*** Data segment Section Begins ***

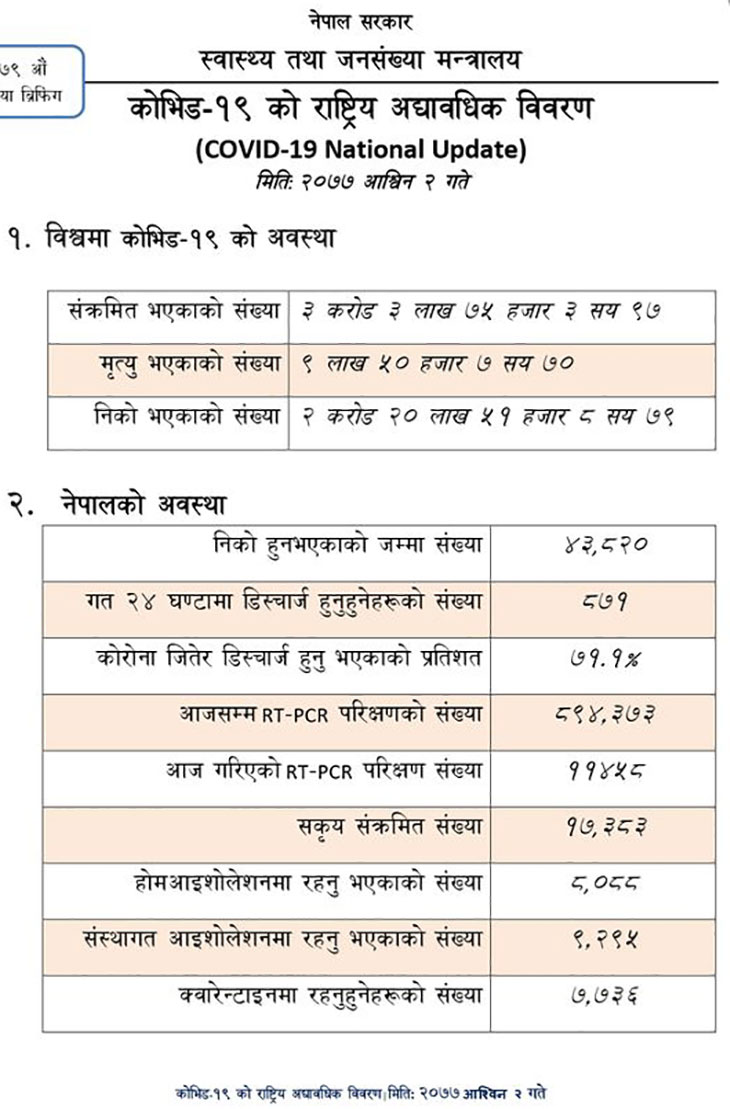 मन्त्रालयका प्रवक्ता प्राडा जागेश्वर गौतमले शुक्रबारको नियमित मेडिया ब्रिफिङमा दिएको जानकारीअनुसार यतिबेला देशभर १७ हजार ३ सय ८३ जना सक्रिय संक्रमित छन् । यीमध्ये ९ हजार २ सय ९५ जना संस्थागत आइसोलेसनमा र ८ हजार ८८ जना होम आइसोलेसनमा रहेका छन् । १ सय ७३ जना आईसीयूमा र ३६ जना भेन्टिलेटरमा उपचाररत छन् ।
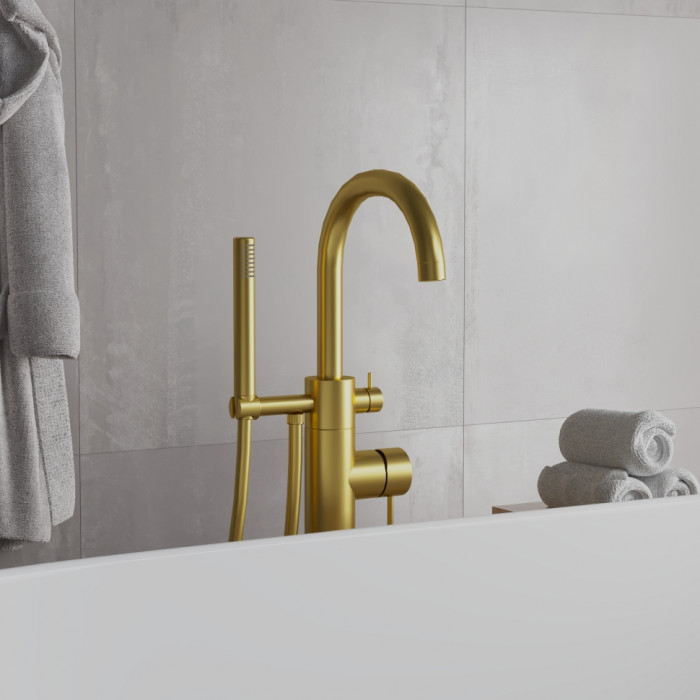 Смеситель напольный PAINI Cox для ванны поворотный излив, брашированное золото PVD 78PJ136LM
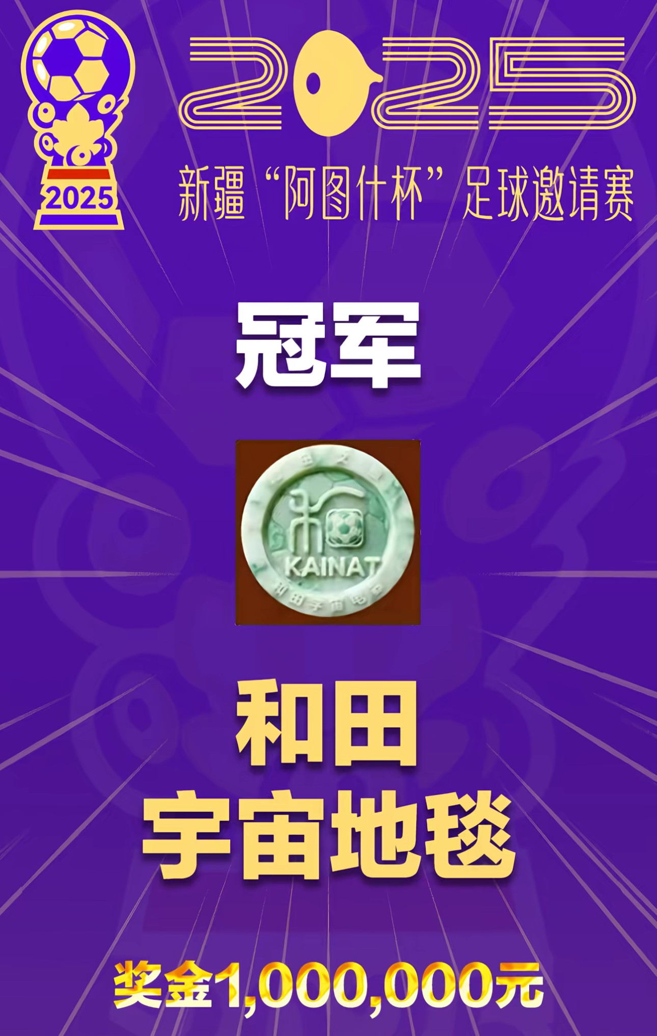 北京时间11月27日晚,2025年新疆“阿图什杯”足球邀请赛决赛在阿图什市足球公园打响,和田宇宙地毯队2-1战胜博州帕丽迪澳队,夺得冠军。据阿图什市融媒体中心报道,和田宇宙地毯队夺冠奖金是100万元,博州帕丽迪澳队亚军奖金为50万元。

*** Data segment Section Ends ***

Try it
Everything in the listing except the pictures must be reproduced exactly.

Written answer
 मन्त्रालयका प्रवक्ता प्राडा जागेश्वर गौतमले शुक्रबारको नियमित मेडिया ब्रिफिङमा दिएको जानकारीअनुसार यतिबेला देशभर १७ हजार ३ सय ८३ जना सक्रिय संक्रमित छन् । यीमध्ये ९ हजार २ सय ९५ जना संस्थागत आइसोलेसनमा र ८ हजार ८८ जना होम आइसोलेसनमा रहेका छन् । १ सय ७३ जना आईसीयूमा र ३६ जना भेन्टिलेटरमा उपचाररत छन् ।
 Смеситель напольный PAINI Cox для ванны поворотный излив, брашированное золото PVD 78PJ136LM
 北京时间11月27日晚,2025年新疆“阿图什杯”足球邀请赛决赛在阿图什市足球公园打响,和田宇宙地毯队2-1战胜博州帕丽迪澳队,夺得冠军。据阿图什市融媒体中心报道,和田宇宙地毯队夺冠奖金是100万元,博州帕丽迪澳队亚军奖金为50万元。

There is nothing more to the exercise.